Thousand Mile Trial flag

Thousand Mile Trial Flag

A flag used in the Automobile Club’s Thousand Mile Trial of 1900 has been donated to the National Motor Museum Trust. In this blog, Research and Enquiries Officer Patrick Collins, explores the significance of the flag and its link to the Montagu family.

This simple red flag is an important link with one of the earliest large scale motoring events held in Britain. During the spring of 1900 the Automobile Club of Great Britain & Ireland (forerunner of the Royal Automobile Club) staged the Thousand Mile Trial, a long distance test of both drivers and cars that linked major towns and cities in England and Scotland. The trial not only showcased the construction and reliability of the car but helped to change people’s negative preconceptions about motor cars at the turn of the century.
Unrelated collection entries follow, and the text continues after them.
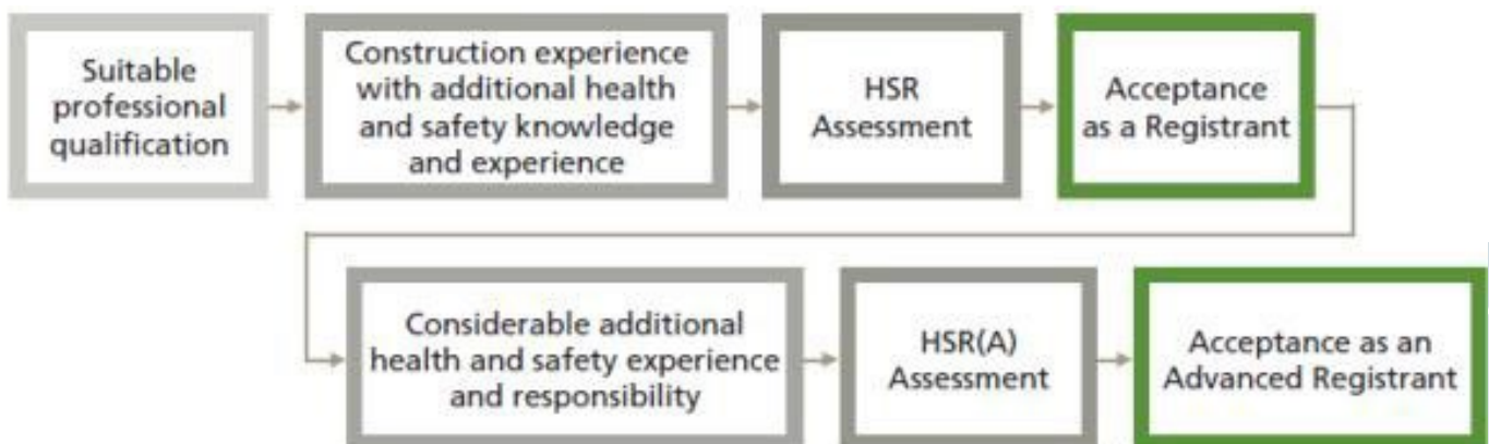
Figure 3 – Progressive route to acceptance as an Advanced Registrant (HSR(A)). No minimum or maximum period of experience is required between the two levels of registration.
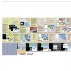
CNC TOOL GRINDING SOFTWARE
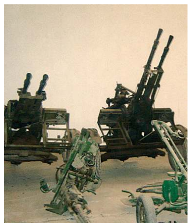
14.5 mm automatic dual cannon.
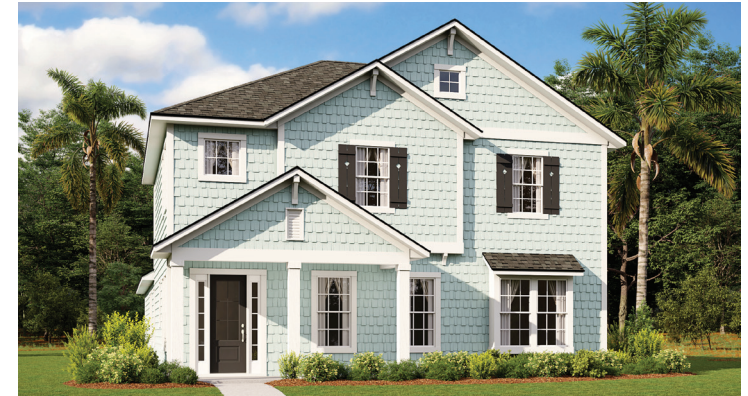
CAPE COD ELEVATION #7
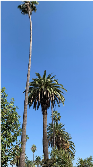
4. Washingtonia robusta (Mexican Fan Palm) In public right of way on parkway to be retained and protected in place. DBH: 14"
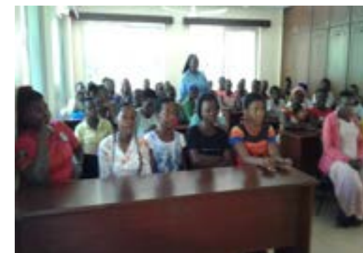
Orientation of the new entrants
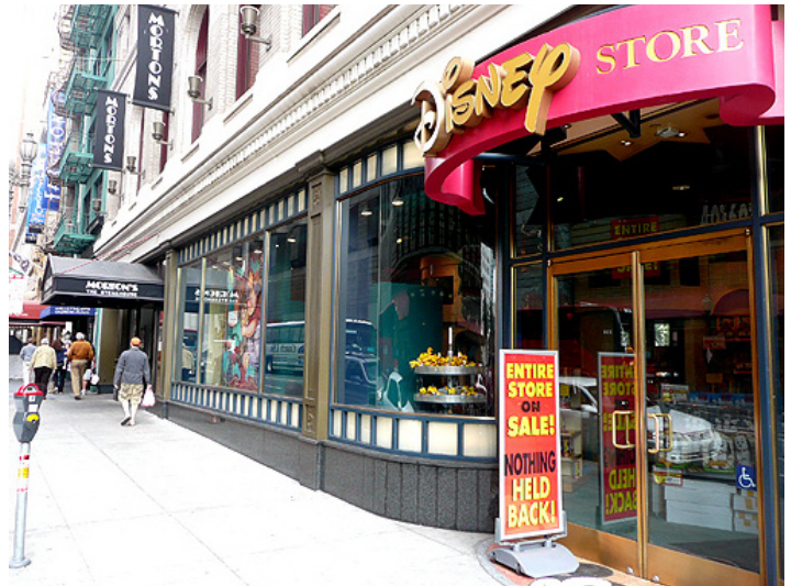
Figure 2: Disney Store, San Francisco
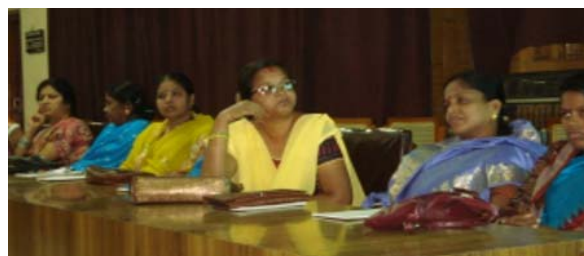
Participants during training programme
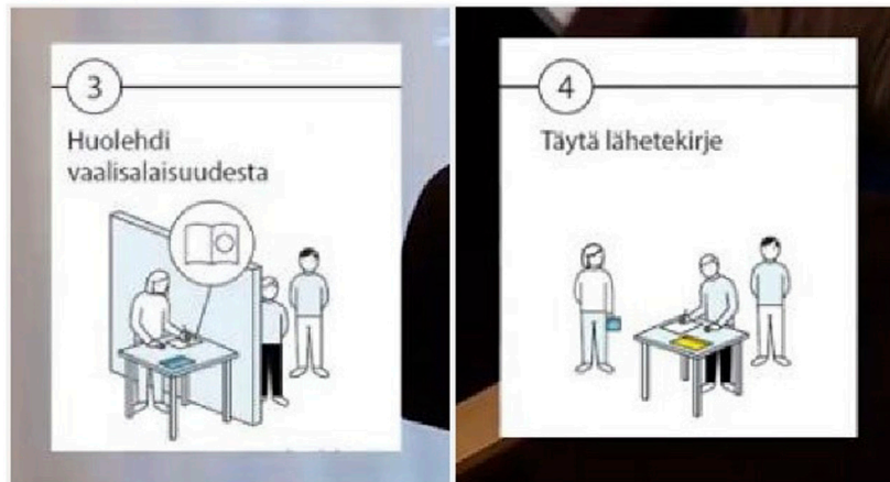
FIGURE 2 | Image instructions on the postal voting instruction film.

out to mark the ballot. Next, we see them standing close to the seated voter showing the cover letter to the witnesses, who subsequently sign it. Interestingly, the image instruction appearing on the screen ( Figure 2 ) places the witnesses behind a wall, possibly indicating another room for the time when the ballot is being marked. Either way, ballot secrecy and electoral freedom seem to be simultaneously emphasized by the prominence of the witnesses in the film and taken for granted by the implicitness of what the witnesses are expected to observe. It remains unclear if the witnesses are supposed to check that the ballot is unmarked at the beginning of the event (for if it is not, they cannot really know under what kind of conditions it has been marked). The voter on the film shows the empty ballot to the camera but it is as though this sequence takes place before the entry of the witnesses.
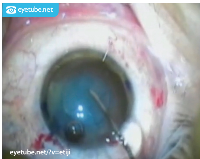
Figure 1. After staining the capsule with trypan blue dye, Dr. Gulani checks the capsulotomy.

A patient was referred to me with a dense white cataract and hand motions vision. A retina specialist had previously accidentally torn the posterior capsule while injecting an antivascular endothelial growth factor. The consistency of the laser for creating a capsulotomy allowed me to plan for a sulcus-based IOL, and the patient achieved a UCVA of 20/25 (Figure 1).
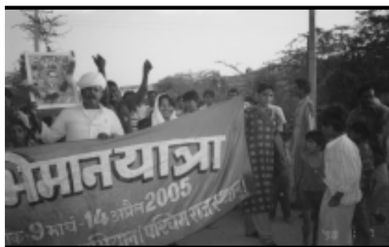
The swabhiman yatra

The dalit mobilising and organising is being coordinated through 9 dalit resource centres (DRCs) set up at the block and cluster level and these are facilitated by local NGOs. The DRCs convene village and block level meetings and facilitate the process of

Thousand Mile Trial finish at Whitehall
Thousand Mile Trial finish at Whitehall, 1900

Participants included many of the leading early British motorists including S F Edge, C S Rolls, Herbert Austin, Montague Grahame-White and John Montagu, grandfather of the current Lord Montagu. It was the first opportunity that many ordinary people around the country had to actually see and get close to a motorcar and many turned out to watch the spectacle when the trial reached their town.
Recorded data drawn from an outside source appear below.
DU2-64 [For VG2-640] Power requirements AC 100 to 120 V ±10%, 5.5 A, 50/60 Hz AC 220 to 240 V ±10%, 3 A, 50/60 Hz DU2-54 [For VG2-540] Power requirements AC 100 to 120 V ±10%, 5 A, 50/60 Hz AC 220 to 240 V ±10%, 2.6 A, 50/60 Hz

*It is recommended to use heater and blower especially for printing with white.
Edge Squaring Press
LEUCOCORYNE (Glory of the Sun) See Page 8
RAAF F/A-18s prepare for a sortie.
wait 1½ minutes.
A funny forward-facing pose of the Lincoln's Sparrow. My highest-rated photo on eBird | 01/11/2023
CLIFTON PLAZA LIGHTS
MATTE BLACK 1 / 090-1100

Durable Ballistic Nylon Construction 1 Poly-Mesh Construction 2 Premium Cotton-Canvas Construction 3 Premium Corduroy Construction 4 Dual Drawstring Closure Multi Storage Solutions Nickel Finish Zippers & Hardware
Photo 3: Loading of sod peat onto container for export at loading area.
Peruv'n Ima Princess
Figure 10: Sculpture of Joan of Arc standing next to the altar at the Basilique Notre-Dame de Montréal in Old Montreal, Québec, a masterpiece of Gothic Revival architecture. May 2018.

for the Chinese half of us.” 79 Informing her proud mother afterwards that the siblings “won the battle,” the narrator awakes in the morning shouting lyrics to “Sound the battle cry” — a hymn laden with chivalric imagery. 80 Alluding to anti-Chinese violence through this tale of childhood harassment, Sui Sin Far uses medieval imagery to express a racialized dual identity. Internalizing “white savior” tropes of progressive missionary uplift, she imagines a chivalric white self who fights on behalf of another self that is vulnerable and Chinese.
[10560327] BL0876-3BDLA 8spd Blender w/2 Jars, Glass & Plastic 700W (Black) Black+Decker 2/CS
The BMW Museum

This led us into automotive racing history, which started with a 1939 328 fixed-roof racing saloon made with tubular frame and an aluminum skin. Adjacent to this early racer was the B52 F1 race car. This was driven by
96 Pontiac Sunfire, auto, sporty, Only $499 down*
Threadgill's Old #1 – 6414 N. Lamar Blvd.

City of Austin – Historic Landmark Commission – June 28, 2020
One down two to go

The red flag, marked ‘Automobile Club 1000 Mile Motor Trial’ in gold lettering, was one of a number of different coloured marker flags used to direct participants. Lemon coloured flags indicated ‘turn left’, royal blue was ‘turn right’ while the red flag was predictably for ‘stop’.

The flag complements a previous acquisition by the National Motor Museum of a photo album documenting the Thousand Mile Trial by the events official photographer, Albert Argent Archer. Images from this album can be viewed on the Motoring Picture Library website.